The trick with this "theory" of mine, like all others I am coming to learn, is to turn it into action. Where do you find the langour when the costs of the big city life come calling? Have I cashed in all of my chances to linger in the langour and does one have to wait for the golden days of retirement to capure it again? Is this a mindset that I can pack up neatly and ship home? Time will tell. But for now I will enjoy revisiting my own "langour of Youth" thankful for everything and to everyone who has allowed it to happen.
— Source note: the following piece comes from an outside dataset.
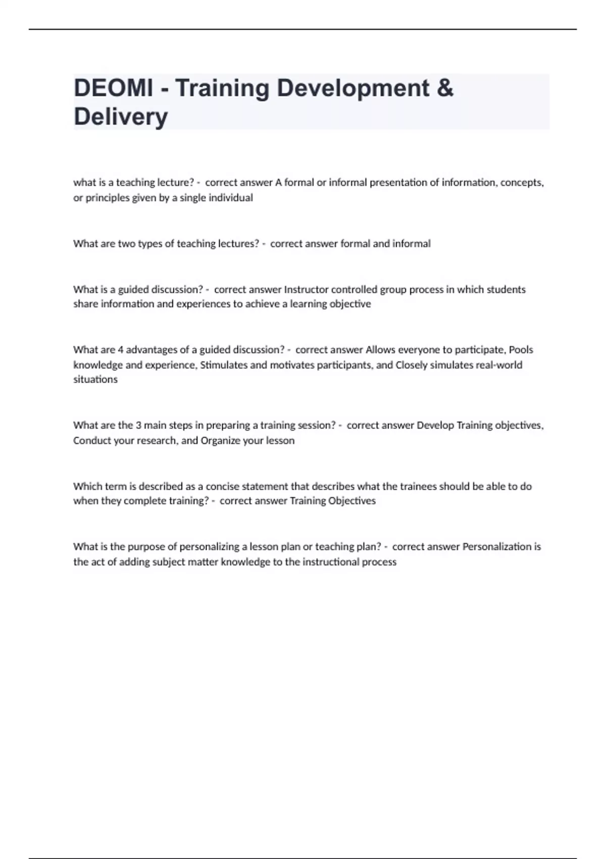 DEOMI - Training Development & Deliverywhat is a teaching lecture? - correct answer A formal or informal presentation of information, concepts, or principles given by a single individual What are two types of teaching lectures? - correct answer formal and informal What is a guided discussion? - correct answer Instructor controlled group process in which students share information and experiences to achieve a learning objective What are 4 advantages of a guided discussion? - correct answer Allows everyone to participate, Pools knowledge and experience, Stimulates and motivates participants, and Closely simulates real-world situations What are the 3 main steps in preparing a training session? - correct answer Develop Training objectives, Conduct your research, and Organize your lesson Which term is described as a concise statement that describes what the trainees should be able to do when they complete training? - correct answer Training Objectives What is the purpose of personalizing a lesson plan or teaching plan? - correct answer Personalization is the act of adding subject matter knowledge to the instructional process

I am currently reading Brideshead Revisited figuring that I needed at least one Evelyn Waugh in my stable. Happily, I am enjoying the writing and the subject of Charles Ryder's youthful adventures at Oxford. If, however, "real" British academics were anything like they are described by Waugh in the early part of the 20th century then it is no wonder the colonial world suffered for so long under British rule. The sense of entitlement is completely overwhelming!
Anyway, I came across this passage the other day that is Charles's and ultimately I think Waugh's reflection about the "experience" and the privilege associated with being young:
The langour of Youth - how unique and quintessential it is! How quickly, how irrecoverably, lost! The zest, the generous affections, the illusions, the despair, all the traditional attributes of Youth - all save this - come and go with us through life. These things are a part of life itself; but langour - the relaxation of yet unwearied sinews, the mind sequestered and self-regarding - that belongs to Youth alone and dies with it. Perhaps in the mansions of Limbo the heroes enjoy some such compensation for their loss of the Beatific Vision; perhaps the Beatific Vision itself has some remote kinship with this lowly experience; I, at any rate, believed myself very near heaven during my languid days at Brideshead.
I don't know if I would call these the languid days at Melbourne; however, I think Waugh has captured that same sense I am privileged to feel every once and awhile reading, thinking and wandering around the university. It's this feeling that there is time, this very special and rare and perhaps "quintessential" time, to consider all manner of things in a slightly more interested, relevant, and youthful way. Gone is the rush and the rumble of life at an ever-increasing pace. Life is slow, methodical, (maybe in a month or two - too slow) but for now it is a luxurious and languid pace - the pace of youth, where time and the world are on your side. Of course, we are only able to accurately gauge how far we have fallen away from this state when we look back with experience and a degree of regret.
The trick with this "theory" of mine, like all others I am coming to learn, is to turn it into action. Where do you find the langour when the costs of the big city life come calling? Have I cashed in all of my chances to linger in the langour and does one have to wait for the golden days of retirement to capure it again? Is this a mindset that I can pack up neatly and ship home? Time will tell. But for now I will enjoy revisiting my own "langour of Youth" thankful for everything and to everyone who has allowed it to happen.